Second, I just tried a new mod for the hell of it,
and I found out how to make a better Eastsheen
out of a Lan Lan 2x2, and a Mini Dian-Sheng. All 
you need to do is replace the three Lan Lan
springs with three springs from the Mini-D, and
you'll find that the Lan Lan spins like a broken-
in Eastsheen. For tension, I set it at 2 turns
counter-clockwise from full-tightened. Have
fun with it, because you now own an Eastsheen
and a Lan Lan in one cube.


----------



## joey (Jun 23, 2010)

Firstly there is no poll, secondly this is an old mod called "arcalan"


----------



## xFear of Napalm (Jun 23, 2010)

joey said:


> Firstly there is no poll, secondly this is an old mod called "arcalan"

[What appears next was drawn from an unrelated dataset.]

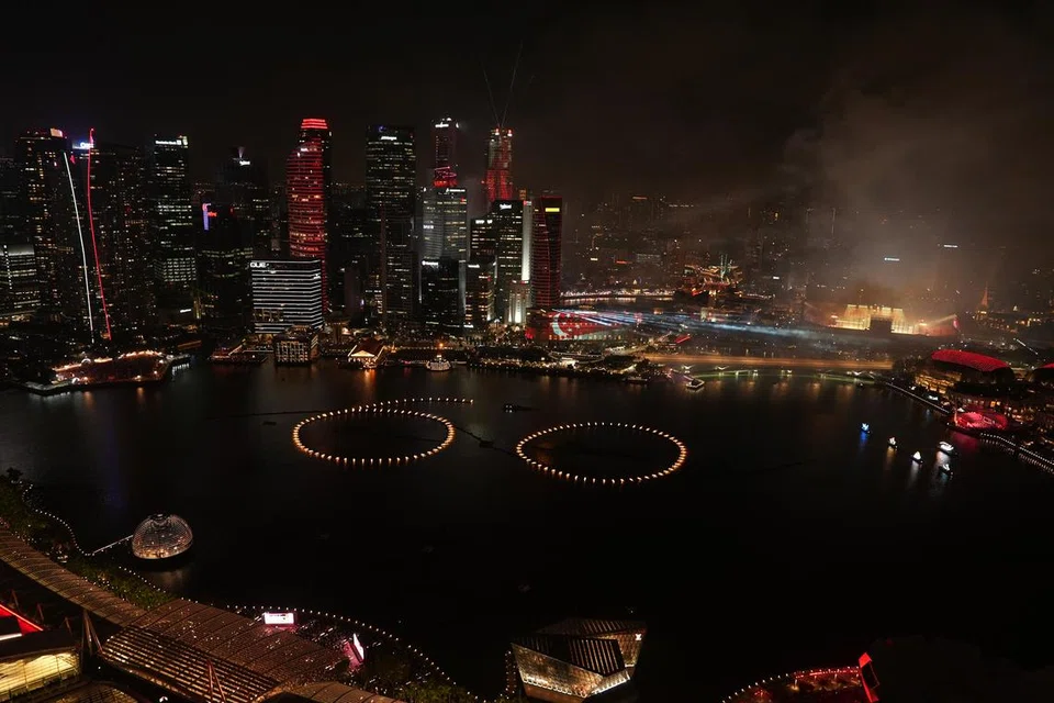 மரினா பேயில் நடைபெற்ற தேசிய தினக் கொண்டாட்டங்களை முதல்முறையாக ரசித்தனர் சகோதரிகள் லேக்கா, வேணி.

Well, first of all, you have to submit the thread, and then you have to make the poll. Look again. And also, I didn't know about that.


----------



## daniel0731ex (Jun 23, 2010)

no maru. fail.


----------



## JeffDelucia (Jun 23, 2010)

daniel0731ex said:


> no maru. fail.



+1


----------



## xFear of Napalm (Jun 23, 2010)

Dammit... I can't change the polls... Curse you, abscent speedsolving.com post-post poll editing!


----------



## Kirjava (Jun 23, 2010)

no one else likes es?


----------



## xbrandationx (Jun 23, 2010)

I like es


----------



## raodkill (Jun 23, 2010)

for ure suggestion of using mini dian sheng springs, you can just use pen springs cut so that they are the same length 
more info here : http://www.speedsolving.com/forum/showthread.php?t=19593


----------



## splinteh (Jun 23, 2010)

Lan Lan feels GODLY. It's so smooth


----------



## Sa967St (Jun 23, 2010)

DS...?


----------



## rowehessler (Jun 23, 2010)

lanlan sucks ghost hand rules. end of story.


----------



## oprah62 (Jun 23, 2010)

Shen shou


----------



## raodkill (Jun 23, 2010)

shenshou 2x2 = ghosthand 2x2


----------



## Truncator (Jun 23, 2010)

ES for life


----------



## whitelynx_nivla (Jun 23, 2010)

ES' good for glidding, very fast, but doesn't cut corner, almost at all

Lan Lan's is fairly good, and the price is unbeatable. Can cut corner about 1/4 of cubies. The color scheme is like Eastsheen, where it's a USA's but orange replaced by purple

Sheng Shou's has inner caps for all the corners, so if not lubed, it's hard to turn. but when it lubbed, the lube stays longer and the glidding is decent. Can cut corner about 1/4 of cubies. The color scheme is USA (no purple)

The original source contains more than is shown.